Strategies to engage the whole economy in turning just ‘green’ initiatives into ‘nature positive’ outcomes are needed. The Australian Government’s ‘Biodiversity Certificates’ and launching of the nature repair market is underway and planned to open in 2025. The Office of the Clean Energy Regulator has been tasked with establishing systems, processes and rules (methods) necessary for the effective operation of the market. That said, there is no observable action to integrate these actions into the development or any other sectors.

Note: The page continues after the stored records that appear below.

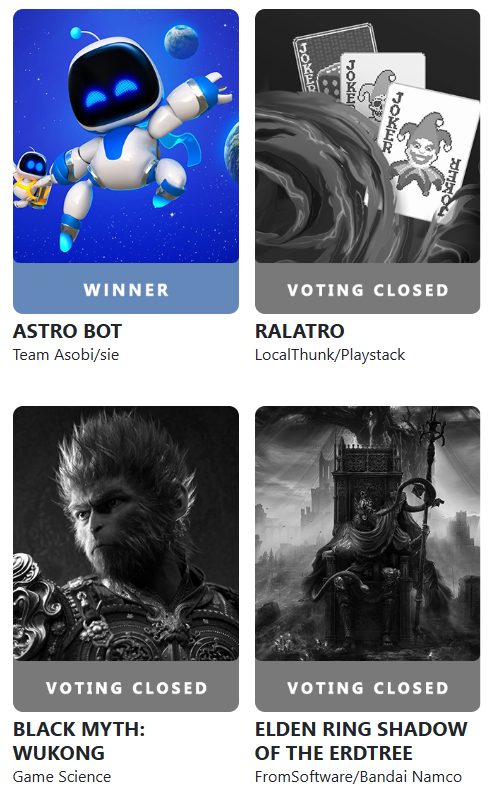 Само голосование уже является завершенным, а победу среди всех претендентов одержал Astro Bot. Вот только абсолютно все проекты отсюда, включая, например, Black Myth Wukong выходили не в 2025-м году, а в 2024-м.
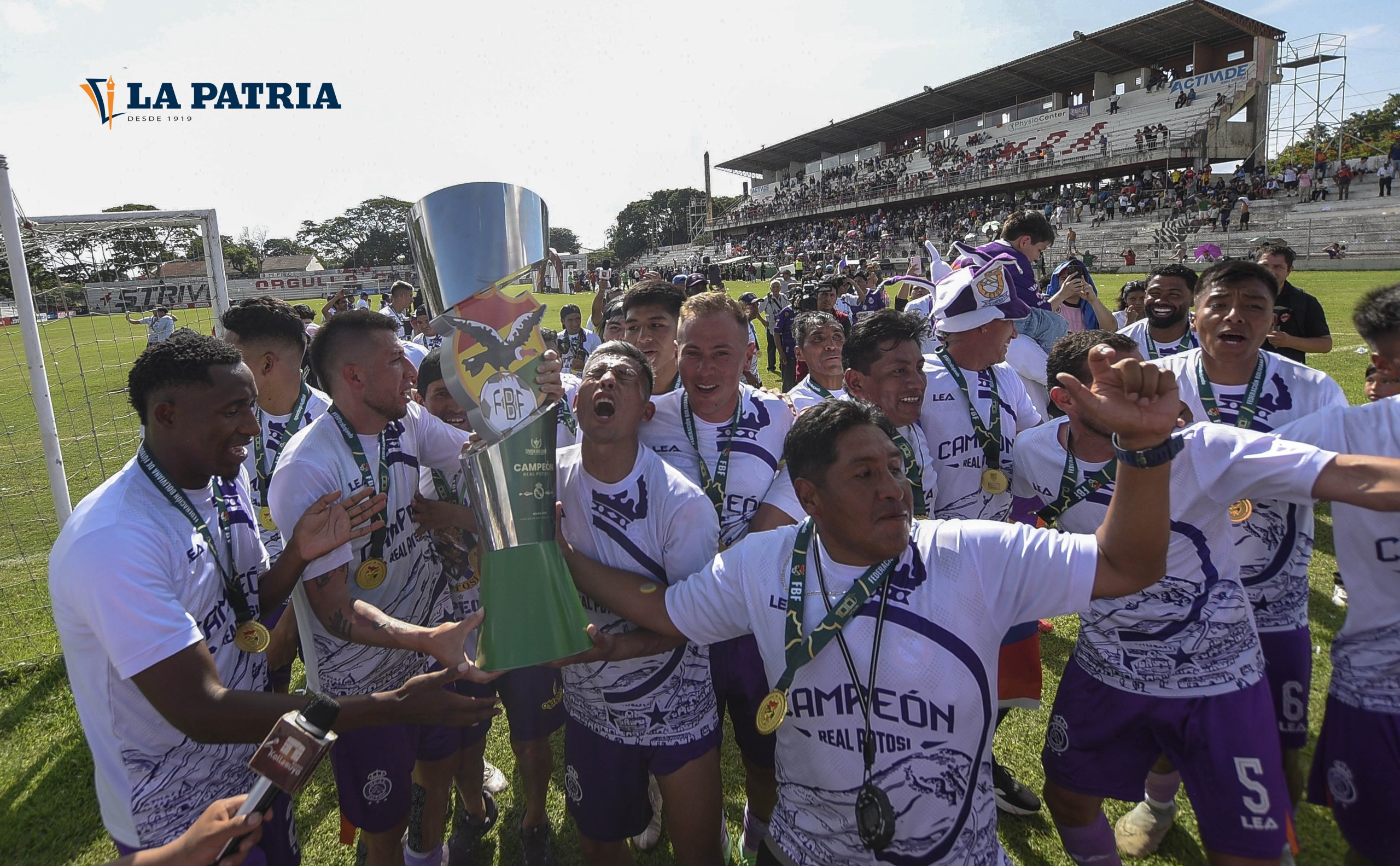 Centenares de hinchas del cuadro lila celebraron en el estadio cruceño, después de cuatro años en los cuales, los seguidores de Real Potosí estaban en silencio. La alegría era similar dentro del campo y en las graderías cuando recibieron el trofeo de campeón y el ascenso directo a la principal categoría.
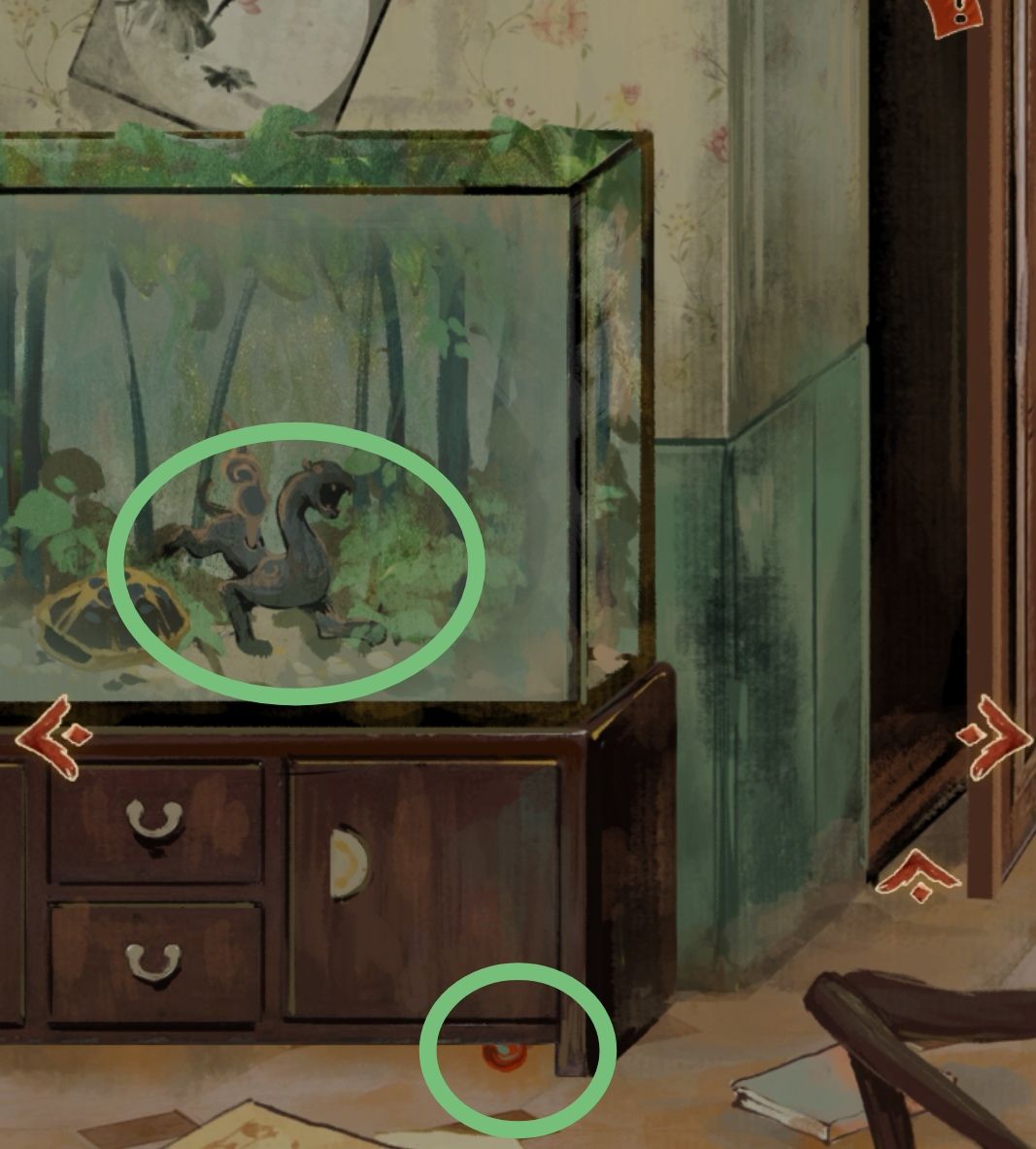 将从水池中获取的龟壳摇一摇,得到柜子的钥匙,从柜子中拿取物品

Other countries like the United Kingdom have taken much stronger action. In 2024 it became mandatory for all new construction projects to be ‘Biodiversity Net Gain’ (BNG) using either onsite or offsite nature repair outcomes with precise, measured biodiversity outcomes as the metrics of success. The Australian construction industry is notoriously conservative and cost sensitive, but as mentioned before, the costs of inaction get higher faster than the costs of action now. The cost of engaging NBS at all parts of the value chain get smaller and result in larger gains when all parts of the supply chain get involved and the heavy lifting is not left to just Governments or indeed projects.

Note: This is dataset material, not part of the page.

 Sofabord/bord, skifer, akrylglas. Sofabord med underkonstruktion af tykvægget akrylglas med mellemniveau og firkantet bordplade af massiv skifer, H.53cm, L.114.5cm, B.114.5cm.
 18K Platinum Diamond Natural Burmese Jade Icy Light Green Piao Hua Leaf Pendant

As the country with the highest per capita global footprint when the emissions of the fossil fuels we sell around the world are accounted for, we have a disproportionate responsibility to do more. At the very least we need to stop approving new fossil fuel leases and mines, but we need to take a much more proactive nature repair and nature positive stance and embed Nature Positive as a requirement in our Codes.

We need this new nationwide and global Nature Positive movement to explode into action, with the whole industry swapping our mindsets from ‘carbon’ only to “biodiversity and carbon’ simultaneously.

The Global GreenTag Team, has over the past few years developed and launched a product NaturePositive+ Assessment and Certification Standard that helps manufacturers quantify product impacts on, and benefits to, nature and circular resource flows, as well as restoring, preserving and expanding forests and rainforests on degraded non-productive farmlands or repurchasing lots destined for development.

The process uses groups like the local Gondwana Rainforest Trust (gondwanarainforesttrust.org), and Greenfleet (greenfleet.com.au) and the more globally focussed Rainforest Trust (rainforesttrust.org), corporately and personally, to create nature positive outcomes from our everyday activities.

We and others have started, will you join us?